O esto, o la discusión sobre la exclusión social tendrá todos los números para convertirse en otro de esos temas masturbatorios estrella a que son tan aficionadas las sociedades opulentas. Un repaso a algunos de los acontecimientos e informaciones del mes de agosto permite aquilatar la distancia que separa a los márgenes de la exclusión y la facilidad (o dificultad) para situarse en uno de ellos. Mientras el caso de los dos chicos guineanos ocupaba los titulares de la prensa europea y llenaba de horror a los biempensantes sobre el triste destino de África, decenas de pateras cruzaban los cien kilómetros que separan a Marruecos de las playas de Fuerteventura. Pateras cargadas de hombres ilusionados, escapados del hambre, cuya existencia sólo trascendía si morían ahogados poco antes de llegar a tierra o si eran devueltos a su país tan pronto eran encontrados por la policía. Nadie sabe el nombre de ninguno de ellos. Ni siquiera el de los siete audaces y desesperados subsaharianos que trataron de llegar a Ceuta en un bote inflable de juguete.

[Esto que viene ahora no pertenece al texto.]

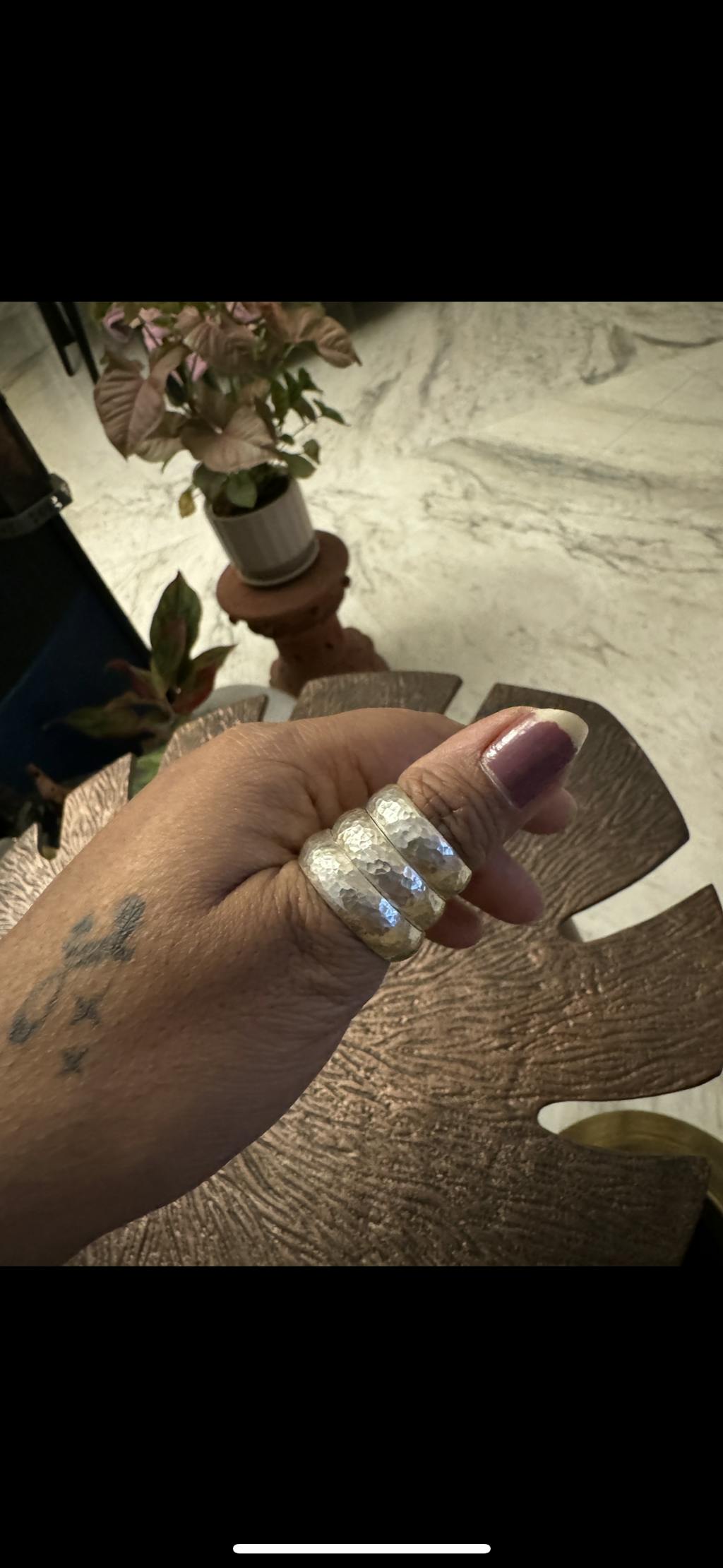 Beauty in the basics! In a world of complexity, this hammered ring is a reminder that sometimes, all we need is simplicity.

Apenas el ministro belga Louis Michel se fue a la sede de la UE para enseñar la carta de Koita y Tounkara, España reforzó el sistema de vallas y muros que separan a Ceuta de Marruecos para evitar el paso de inmigrantes. La ONU, por otra parte, denunciaba que los países ricos han reducido la ayuda humanitaria en un 24% desde 1992. Unicef aseguraba en un informe, cuya publicación algunos países ricos trataron de impedir, que la mortalidad infantil en Irak –un país sin Internet– se ha duplicado desde que se decretó el embargo en 1991. De una tasa de mortalidad de 56 niños por 1.000 al año, ahora se ha pasado a 131. Según el informe esto supone más 500.000 menores fallecidos por la decisión de mandar el país a la más oscura Edad Media. Eso es exclusión social e histórica, una nueva categoría de marginación que también encuentra el silencio oficial y social del Norte como respuesta.